I didn't want it uh hassling with my digestion at all.
I wanted to wake up without any kind of uh hangover, I wanted to wake up with a happy feeling, didn't want it to be oppressive, I didn't want it to um uh alter the mind state to the point where uh you felt like uh a residual effect in any way throughout the day.
Uh I I didn't want it to combine with stuff like alcohol and produce um uh even seriously more effects, you know, that kind of thing.
So if you were a drinker, and so it it just does not um you know, so it was it was a lot of work anyway, and it and it works very well, uh specifically for what it does.
It's a gentle sleep-inducing aid that assists your body and provides your body with the nutrients that that it needs to accomplish those tasks while you're asleep.
And then you wake up feeling refreshed, there's no hangover.
I I have found uh we've had no one wake up and tell me that they felt bad as a result of taking this.
Uh had all kinds of people using it in um tests while I was um you know developing various different parts of the formula and so on.
And it's consistently worked, and I'm now it's over 19, it's probably like 21 months or something that I've been uh basically with this formula here.
We've got a new grind that I'm testing out now.

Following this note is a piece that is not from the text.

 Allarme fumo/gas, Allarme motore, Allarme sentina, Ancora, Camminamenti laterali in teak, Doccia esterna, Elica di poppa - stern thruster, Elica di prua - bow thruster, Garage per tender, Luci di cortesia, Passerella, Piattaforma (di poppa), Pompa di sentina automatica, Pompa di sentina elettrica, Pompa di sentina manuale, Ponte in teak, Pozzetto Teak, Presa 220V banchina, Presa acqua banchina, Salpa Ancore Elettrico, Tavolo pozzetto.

We have to do this with each batch that comes from a different supplier because we're dealing with Products that have aromatic uh components in them, like uh biochemically aromatic, that is to say they have specific uh chemical um constituents that can be affected by aging and oxidation and all this sort of thing.
So uh so we're and also with the stresses of the supply chains being disrupted, we have those issues as well.

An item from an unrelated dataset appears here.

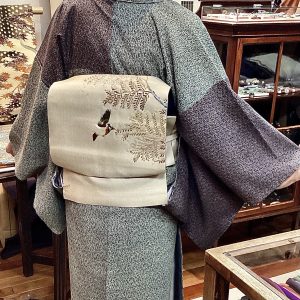 次は「こうげい展」でもご紹介した灯屋2オリジナルの幕末・明治期の江戸小紋でお越しのお客様。色違いの布を継いだ凝ったもの。木々とそれを啄む鳥の刺繍が見事な帯を締められて。上品な着こなしです。
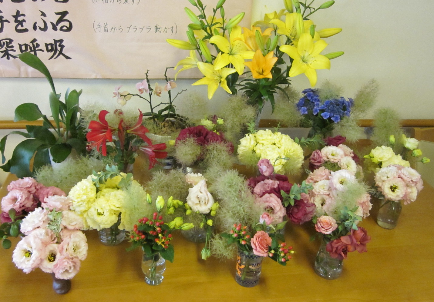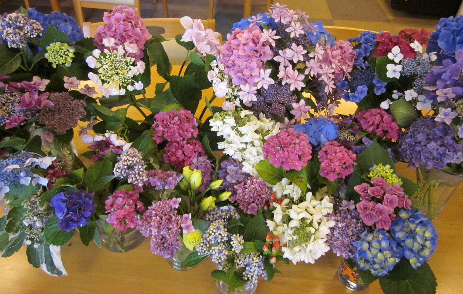 6月のデイサービス赤石では、雨の多いこの時期を室内で楽しんで頂こうと、御利用者様が過ごされるデイルームで各一週間にわたり、アジサイ祭り・トルコキキョウ祭りを開催しました!様々な形や色の種類に、大変喜ばれておられました!!

But pure bulk has been very good.
We have some in stock, um, and we're working on the next batch, so things are proceeding quite well.
And lots of people say it it works for them within the first half hour, and I know the the I really screwed up last night because I was thinking, oh, I'm a little tired, I was kind of aching.

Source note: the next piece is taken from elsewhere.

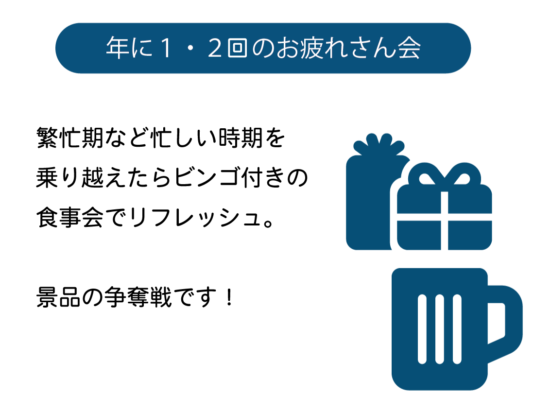| 待遇 | 昇給あり、賞与年2回、交通費支給、各種社会保険完備、家族手当 |
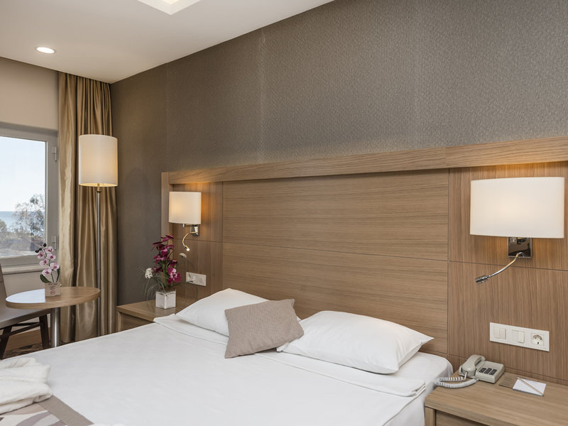 - Deluxe szoba kilátással a tengerre (DZM1), kétágyas szoba, nemdohányzó szoba, a főépületben, tengerre néző, oldalsó kilátással a tengerre, kb. 1 hálószoba, 1 franciaágy (180x200cm), szúnyogháló , Klíma: ingyenes, szezonális, központilag szabályozható, Fűtés: szezonális, Padló: szőnyeg, parketta, Széf: ingyenes, Kávé/teafőző, vízforraló, Minibár : ingyenes, Üdítőitalok: ingyenes, Víz: ingyenes, Minibár feltöltése: naponta, telefon, Internet: WLAN/WiFi: térítésmentes, televízió: műholdas TV, szobaszerviz: naponta, ingyenes, takarítás: naponta, térítésmentes, zuhany, fürdőkád integrált pezsgőfürdővel, pezsgőfürdő, wc, fürdőköpeny: térítés ellenében, papucs: ingyenes, hajszárító, kozmetikai tükör, erkély: ülőgarnitúrával

I had to repair my tractor, and uh, so I had some a little bit early, and it's like damn, out by 7 45, you know, and and stumble on into bed.
And but it was a great sleep.
So, you know, it compensates, yeah, I'm getting up really damn early, but I'm also getting stuff done.
So, okay, so on to other stuff here.
That was our our little commercial, but it's nice to be validated.
I was correct about the fats and the sleeping process.
Okay, so now the next thing to talk about is our disease issues relative to something else I was correct about.
Okay, so right at the moment uh we have India.
Let me get another.
Okay, so right at the moment we have issues in India.
These are clusters.
Uh uh SARS-CoV-2.
India, there's a small flush in Iran, it's small.
We also have Brazil.
And in all cases, these were um predicted from actual um theories developed from uh on the ground emerging data.
Okay, so there's a bunch of different ways you can do science.
One of the ways you can do science is you can um come up with a uh hypothesis, do testing, have it lead to a theory, uh, perform more extensive uh experimentation to attempt to falsify the theory.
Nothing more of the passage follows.